-- Opening Marker --
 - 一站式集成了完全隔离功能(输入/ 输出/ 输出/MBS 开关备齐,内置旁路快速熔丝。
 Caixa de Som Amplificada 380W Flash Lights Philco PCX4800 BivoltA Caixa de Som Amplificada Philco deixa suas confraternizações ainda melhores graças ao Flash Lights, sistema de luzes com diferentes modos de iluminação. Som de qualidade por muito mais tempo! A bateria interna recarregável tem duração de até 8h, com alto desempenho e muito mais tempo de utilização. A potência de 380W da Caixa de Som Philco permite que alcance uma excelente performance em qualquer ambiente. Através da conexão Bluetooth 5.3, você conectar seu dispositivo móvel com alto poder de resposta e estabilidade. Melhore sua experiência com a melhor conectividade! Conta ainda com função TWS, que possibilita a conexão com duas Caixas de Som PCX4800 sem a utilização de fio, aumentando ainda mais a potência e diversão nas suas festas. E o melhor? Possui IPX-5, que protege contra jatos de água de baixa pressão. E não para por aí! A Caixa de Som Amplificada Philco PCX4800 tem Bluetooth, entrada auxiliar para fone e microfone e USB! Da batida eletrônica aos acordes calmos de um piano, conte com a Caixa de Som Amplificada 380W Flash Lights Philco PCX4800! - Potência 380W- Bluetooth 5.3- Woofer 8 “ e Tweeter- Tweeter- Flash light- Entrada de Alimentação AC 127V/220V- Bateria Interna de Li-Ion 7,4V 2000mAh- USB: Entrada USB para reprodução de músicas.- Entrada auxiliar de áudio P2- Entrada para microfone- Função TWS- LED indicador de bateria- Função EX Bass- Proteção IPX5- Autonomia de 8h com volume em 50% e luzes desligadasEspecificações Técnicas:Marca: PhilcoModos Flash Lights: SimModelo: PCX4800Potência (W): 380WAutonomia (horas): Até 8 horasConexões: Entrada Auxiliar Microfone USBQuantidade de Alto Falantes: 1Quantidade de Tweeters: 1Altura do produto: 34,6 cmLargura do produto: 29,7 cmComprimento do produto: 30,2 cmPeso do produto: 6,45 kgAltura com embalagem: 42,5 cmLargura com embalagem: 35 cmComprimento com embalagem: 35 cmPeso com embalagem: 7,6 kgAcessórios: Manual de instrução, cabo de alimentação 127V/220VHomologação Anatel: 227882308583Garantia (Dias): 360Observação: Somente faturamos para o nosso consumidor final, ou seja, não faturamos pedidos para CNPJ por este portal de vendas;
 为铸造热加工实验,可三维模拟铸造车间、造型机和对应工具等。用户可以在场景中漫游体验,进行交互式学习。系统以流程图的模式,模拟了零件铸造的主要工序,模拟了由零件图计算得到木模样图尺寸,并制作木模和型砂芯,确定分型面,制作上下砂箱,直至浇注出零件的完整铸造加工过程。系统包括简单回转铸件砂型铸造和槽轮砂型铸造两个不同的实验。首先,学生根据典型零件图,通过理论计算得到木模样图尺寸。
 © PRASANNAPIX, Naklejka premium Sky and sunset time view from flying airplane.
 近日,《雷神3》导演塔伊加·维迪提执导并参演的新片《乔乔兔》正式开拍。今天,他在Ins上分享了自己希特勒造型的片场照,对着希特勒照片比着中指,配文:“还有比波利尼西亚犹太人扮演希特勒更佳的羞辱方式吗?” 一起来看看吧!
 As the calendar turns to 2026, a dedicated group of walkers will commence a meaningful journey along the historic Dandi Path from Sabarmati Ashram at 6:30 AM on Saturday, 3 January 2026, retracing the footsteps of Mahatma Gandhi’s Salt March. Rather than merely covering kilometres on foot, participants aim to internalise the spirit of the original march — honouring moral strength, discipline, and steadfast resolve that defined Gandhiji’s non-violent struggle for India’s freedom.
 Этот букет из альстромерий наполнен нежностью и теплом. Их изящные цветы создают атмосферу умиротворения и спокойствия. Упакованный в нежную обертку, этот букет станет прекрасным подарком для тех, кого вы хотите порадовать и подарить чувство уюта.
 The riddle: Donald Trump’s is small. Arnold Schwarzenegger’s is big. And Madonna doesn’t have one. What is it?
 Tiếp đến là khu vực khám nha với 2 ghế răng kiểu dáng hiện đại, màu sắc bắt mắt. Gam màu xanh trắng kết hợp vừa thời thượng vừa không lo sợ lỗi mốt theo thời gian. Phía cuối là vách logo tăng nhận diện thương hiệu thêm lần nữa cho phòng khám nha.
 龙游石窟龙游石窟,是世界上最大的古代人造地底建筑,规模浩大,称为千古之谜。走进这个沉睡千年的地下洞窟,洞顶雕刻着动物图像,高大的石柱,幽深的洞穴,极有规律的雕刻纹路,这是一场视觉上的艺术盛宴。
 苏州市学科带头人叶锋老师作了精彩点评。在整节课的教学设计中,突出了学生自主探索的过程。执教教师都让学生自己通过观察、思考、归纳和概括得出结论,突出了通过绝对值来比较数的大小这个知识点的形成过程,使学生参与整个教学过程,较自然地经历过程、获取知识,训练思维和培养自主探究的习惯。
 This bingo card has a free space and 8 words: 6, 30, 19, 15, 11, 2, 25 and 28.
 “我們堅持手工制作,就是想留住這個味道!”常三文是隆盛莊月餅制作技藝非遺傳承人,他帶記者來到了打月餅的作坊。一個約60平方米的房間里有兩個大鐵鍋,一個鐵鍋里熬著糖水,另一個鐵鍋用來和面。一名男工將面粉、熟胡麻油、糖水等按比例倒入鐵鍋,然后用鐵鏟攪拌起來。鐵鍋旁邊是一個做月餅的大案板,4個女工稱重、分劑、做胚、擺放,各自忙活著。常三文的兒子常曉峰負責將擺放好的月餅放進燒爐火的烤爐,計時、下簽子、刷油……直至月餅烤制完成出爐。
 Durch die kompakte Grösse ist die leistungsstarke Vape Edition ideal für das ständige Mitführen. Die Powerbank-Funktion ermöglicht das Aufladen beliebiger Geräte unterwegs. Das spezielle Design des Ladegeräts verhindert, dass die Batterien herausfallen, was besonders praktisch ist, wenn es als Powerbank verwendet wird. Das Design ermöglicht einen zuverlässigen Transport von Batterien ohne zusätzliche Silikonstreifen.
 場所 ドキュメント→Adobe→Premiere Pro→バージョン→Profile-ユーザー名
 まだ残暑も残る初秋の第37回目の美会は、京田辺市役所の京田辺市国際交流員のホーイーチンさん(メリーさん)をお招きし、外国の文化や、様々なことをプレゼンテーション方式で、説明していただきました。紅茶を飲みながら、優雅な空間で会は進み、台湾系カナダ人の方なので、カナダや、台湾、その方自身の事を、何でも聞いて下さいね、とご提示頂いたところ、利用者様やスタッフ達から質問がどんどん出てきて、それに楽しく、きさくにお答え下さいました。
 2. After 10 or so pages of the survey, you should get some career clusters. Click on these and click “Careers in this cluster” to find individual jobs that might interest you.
-- Closing Marker --
:: Brief ::
Please make an exact copy of the lines above from the line with "龙游石窟龙游石窟,是世界上最" through the line with "This bingo card", both ends included.

:: Answer for the task ::
 龙游石窟龙游石窟,是世界上最大的古代人造地底建筑,规模浩大,称为千古之谜。走进这个沉睡千年的地下洞窟,洞顶雕刻着动物图像,高大的石柱,幽深的洞穴,极有规律的雕刻纹路,这是一场视觉上的艺术盛宴。
 苏州市学科带头人叶锋老师作了精彩点评。在整节课的教学设计中,突出了学生自主探索的过程。执教教师都让学生自己通过观察、思考、归纳和概括得出结论,突出了通过绝对值来比较数的大小这个知识点的形成过程,使学生参与整个教学过程,较自然地经历过程、获取知识,训练思维和培养自主探究的习惯。
 This bingo card has a free space and 8 words: 6, 30, 19, 15, 11, 2, 25 and 28.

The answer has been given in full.